To find the second derivative, we again apply the power rule to each term of the first derivative:

The derivative of $x^2$ is $2x$.
The derivative of $-2x$ is $-2$.
The derivative of $-3$ is $0$.

So, the second derivative of $f(x)$ is $f''(x) = 2x - 2$.

In Python, you can use the sympy.diff function to compute derivatives. For example:

import sympy as sp

x = sp.symbols('x')
f = (1/3)*x**3 - x**2 - 3*x + 10

# First derivative
f_prime = sp.diff(f, x)
print(f"First derivative: {f_prime}")

# Second derivative
f_double_prime = sp.diff(f_prime, x)
print(f"Second derivative: {f_double_prime}")

First derivative: 1.0*x**2 - 2*x - 3
Second derivative: 2.0*x - 2

Optimization via Calculus#

Optimization using calculus involves finding the maximum or minimum values of a function. This is often done by finding the derivative of the function and setting it equal to zero, which gives the critical points. The second derivative can then be used to determine whether these points are maxima, minima, or neither.

Let’s optimize the function $f(x) = 1/3x^3 - x^2 - 3x + 10$ on the interval $[-4, 4]$.

First, find the derivative of f(x). The derivative of f(x) is f'(x) = x^2 - 2x - 3.
Set the derivative equal to zero and solve for x to find the critical points. This is a quadratic equation i.e. $f'(x) = 0$ or $x^2 - 2x - 3 = 0$. You can represent the equation in the form of

\[y = ax^{2} + bx + c\]

where a = 1, b = -2, and c = -3. You can now use the quadratic formulae

\[ x = \frac{[-b ± \sqrt{b^2 - 4ac}]} {2a} \]

For b^2 - 4ac. it would be, (-2)^2 - 4*1*(-3) = 4 + 12 = 16. The square root of 16 is 4
Substitute b, a, and the square root of the discriminant into the quadratic formula to find the solutions. This gives x = [2 ± 4] / (2*1), which simplifies to $[-1, 3]$ or x1 = -1 and x2 = 3.

Here is Python example

import sympy as sp

x = sp.symbols('x')
equation = x**2 - 2*x - 3

# Solve the equation
solutions = sp.solve(equation, x)

print(f"Solutions: {solutions}")

Solutions: [-1, 3]

Local maxima or minima#

In calculus, the second derivative test is a method to classify the local maximum and local minimum of a function. Here’s how it works:

Compute the second derivative of the function and substitute each critical point into the second derivative:

If the second derivative at that point is positive $(f''(c) > 0)$, then the function has a local minimum at that point.
If the second derivative at that point is negative $(f''(c) < 0)$, then the function has a local maximum at that point.
If the second derivative at that point is zero $(f''(c) = 0)$, then the test is inconclusive, and you’ll need to use another method to classify the point.

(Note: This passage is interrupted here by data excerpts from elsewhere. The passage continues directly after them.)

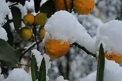 Citron sous la neige. Le citronnier n'est pas un agrume rustique, il préfère les zones littorales méditerranéennes.
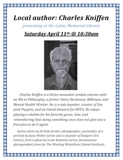 Charles Kniffen is a thrice-wounded combat veteran with an MA in Philosophy, a former Dairy Herdsman, Milkman, and Mental Health Worker. He is a solo kayaker, creator of Sea Junk Puppets, and an Island Steward for MITA. He enjoys playing a ukulele for his favorite goose, Asia, and remembering that doing something once does not give you a free pass to do it again.
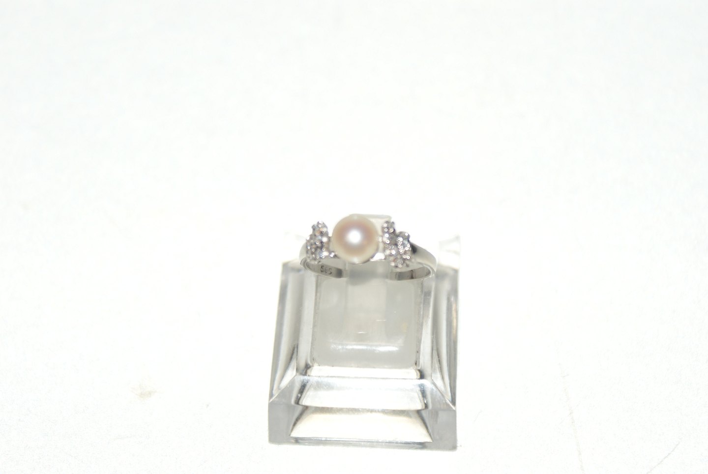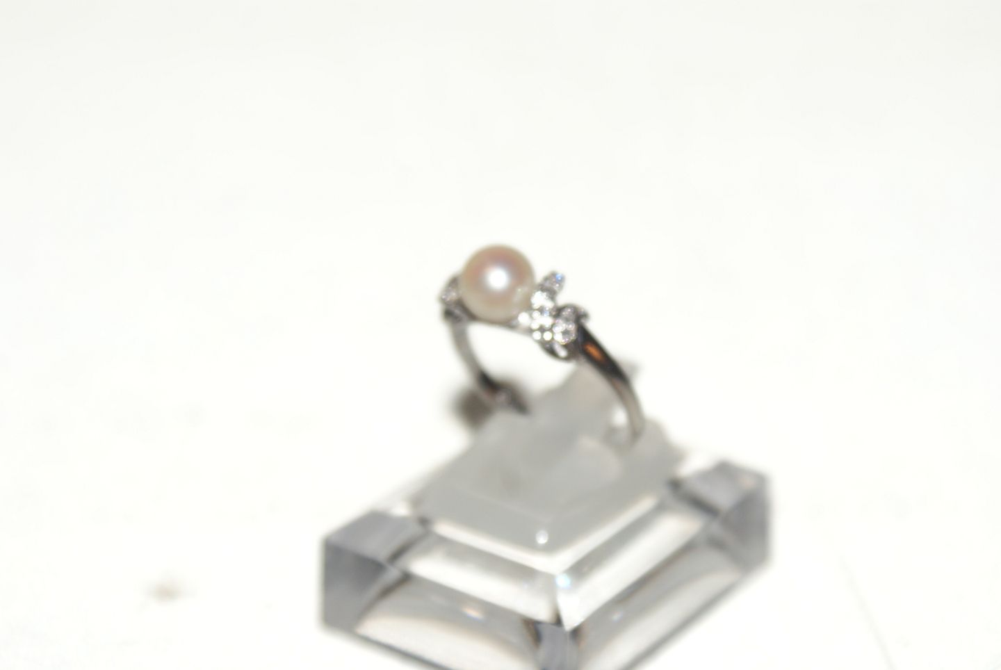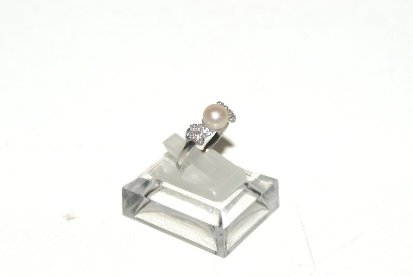 Ladies' ring with pearl and diamonds in 14 carat white gold
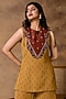 Featuring a mustard gold top in crepe base with floral butta print, dori and beads embroidery, including tassel detailing. It is paired with pants. Accentuate it with hoop earrings and block heels for a chic yet relaxed vibe, perfect for brunches, festive gatherings and casual celebrations.

Continuing the above optimization problem…

Next will dertimine the local maxima or minima using the second derivative. The second derivative of $f(x)$ is $f''(x) = 2x - 2$.. Since f''(-1) = -4 is negative, x1 = -1 is a local maximum. Since f''(3) = 4 is positive, x2 = 3 is a local minimum.

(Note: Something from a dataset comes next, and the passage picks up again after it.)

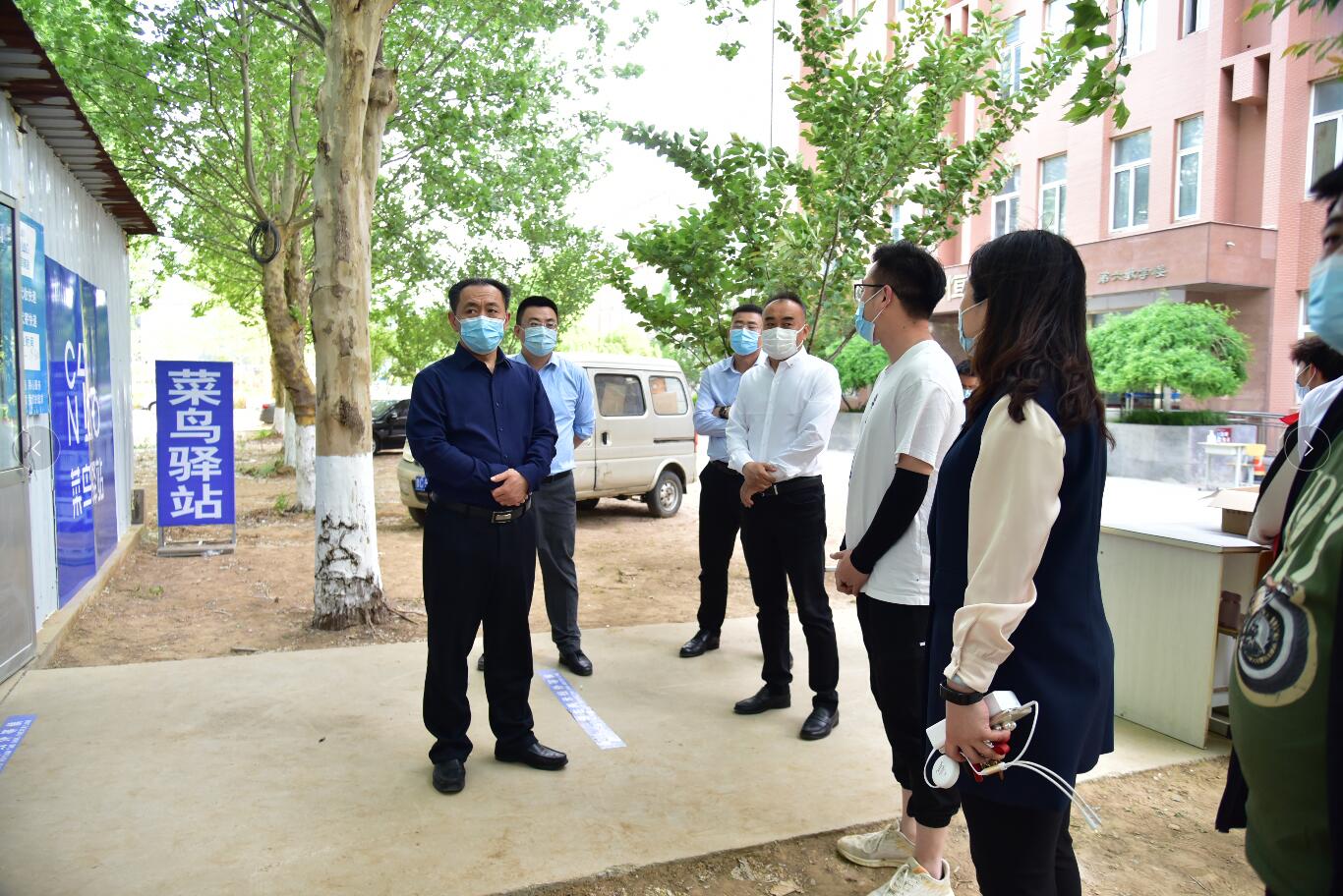 4月26日下午,学校领导孙才顺一行到恒学楼东侧快递驿站调研,深入了解快递驿站建设和疫情防控等情况。

Here’s how you can do this in Python:

import sympy as sp

x = sp.symbols('x')
f = (1/3)*x**3 - x**2 - 3*x + 10

# Find the derivative
f_prime = sp.diff(f, x)

# Solve for critical points
critical_points = sp.solve(f_prime, x)

# Find the second derivative
f_double_prime = sp.diff(f_prime, x)

# Determine maxima, minima, or neither
for point in critical_points:
    if f_double_prime.evalf(subs={x: point}) < 0:
        print(f"Local maximum at x = {point}, f(x) = {f.evalf(subs={x: point})}")
    elif f_double_prime.evalf(subs={x: point}) > 0:
        print(f"Local minimum at x = {point}, f(x) = {f.evalf(subs={x: point})}")
    else:
        print(f"x = {point} is neither a maximum nor a minimum.")

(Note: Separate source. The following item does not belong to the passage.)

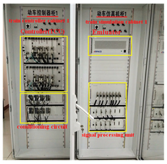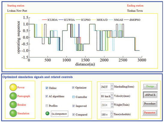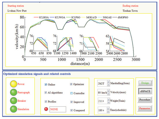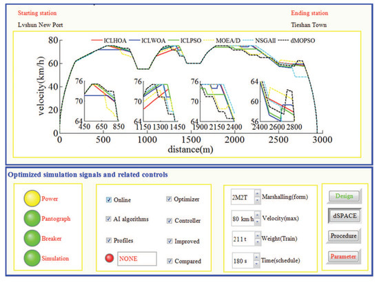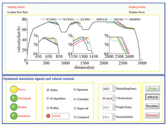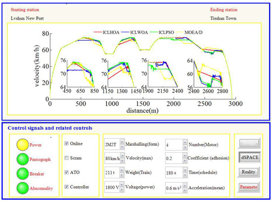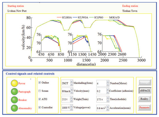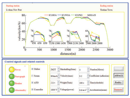 As can be seen from Figure 26 and Figure 27, whichever control algorithm is adopted (MPC or fuzzy PID), when RCL-HILS real-time tracking control is applied, the power supply was switched on, the pantograph was raised, and the circuit breaker is normally closed. At the same time, the dSPACE simulator was in the simulation state (the ‘dSPACE’ button is pressed and the ‘reality’ button was waiting to be pressed), the design parameters cannot be changed in the tracking control state (the ‘design’ button was white) and the given parameters cannot be changed (the ‘parameters’ button was red). As can be seen from the four enlarged areas in Figure 26 and Figure 27, whichever control algorithm was adopted (MPC or fuzzy PID), the tracking control speed curve corresponding to ICLHOA was optimal compared with other algorithms. Because the ideal curve obtained by ICLHOA was relatively smooth, it was easier to avoid the phenomenon of unstable speed control caused by signal transmission delay, limited control performance and uncertain disturbance in the simulation process. The reason is that the ICLHOA optimizer (MPU) kernel chip has more powerful optimization ability to find a more optimized target speed distance curve, and the target speed distance curve is smoother, which is easy to be tracked by a tracking control algorithm. It can be seen from Table 6 that, in terms of the actual running time, ICLWOA and ICLPSO algorithms barely reached the standard under RCL-HILS, and the running time error was about 0.2 s; NSGAII and dMOPSO algorithms can reach the standard under ICL-HILS, but they cannot be tracked and controlled under RCL-HILS due to insufficient margin, and the running time errors were 0.1912 s and 0.1797 s, respectively. If the comfort level was limited below 175 (m/s, the target velocity trajectory obtained by MOEA/D algorithm cannot be tracked and controlled under the current conditions. To sum up, ICLHOA was more suitable for solving ATO multi-objective train operation process optimization problem, and the actual train operation process results can meet the expected assumptions even under RCL-HILS. Furthermore, a large number of control algorithms (such as MPC and fuzzy PID) are suitable to being used as tracking control algorithms for ATO. However, some control algorithms (such as MPC) with good tracking performance are more recommended. Compared with fuzzy PID, more ideal tracking results is obtained by adopted MPC (as shown in Figure 26 and Figure 27 and Table 7 and Table 8), the fluctuation of velocity was more restrained (as shown in the four enlarged areas in Figure 26 and Figure 27, especially the enlarged area which distance interval was [2400,2800]).
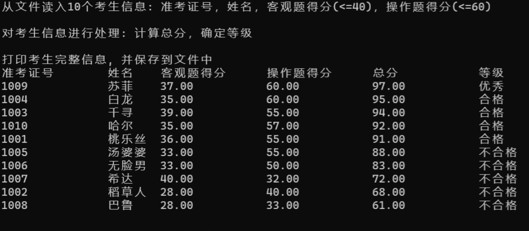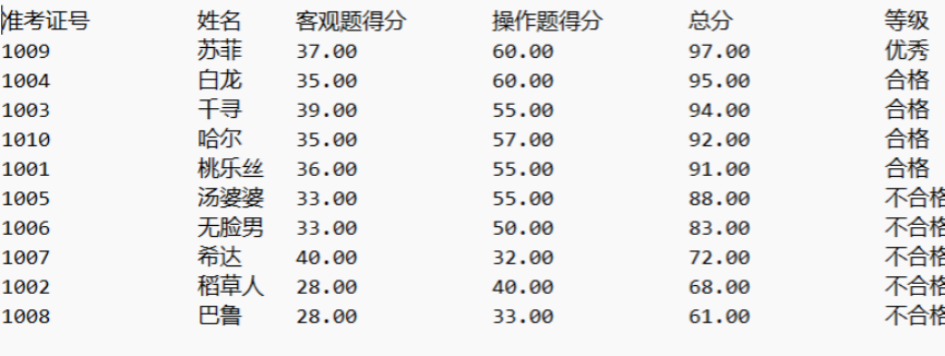 // 输出考生完整信息: 准考证号,姓名,客观题得分,操作题得分,总分,等级

Local maximum at x = -1.00000000000000, f(x) = 11.6666666666667
Local minimum at x = 3.00000000000000, f(x) = 1.00000000000000

Global maxima and minima#

In calculus, global (or absolute) maxima and minima are the highest and lowest values that a function achieves on its entire domain, respectively.

A global maximum is a point where the function’s value is greater than or equal to the values of all other points in the entire domain of the function. It’s the highest peak of the function.
A global minimum is a point where the function’s value is less than or equal to the values of all other points in the entire domain of the function. It’s the lowest valley of the function.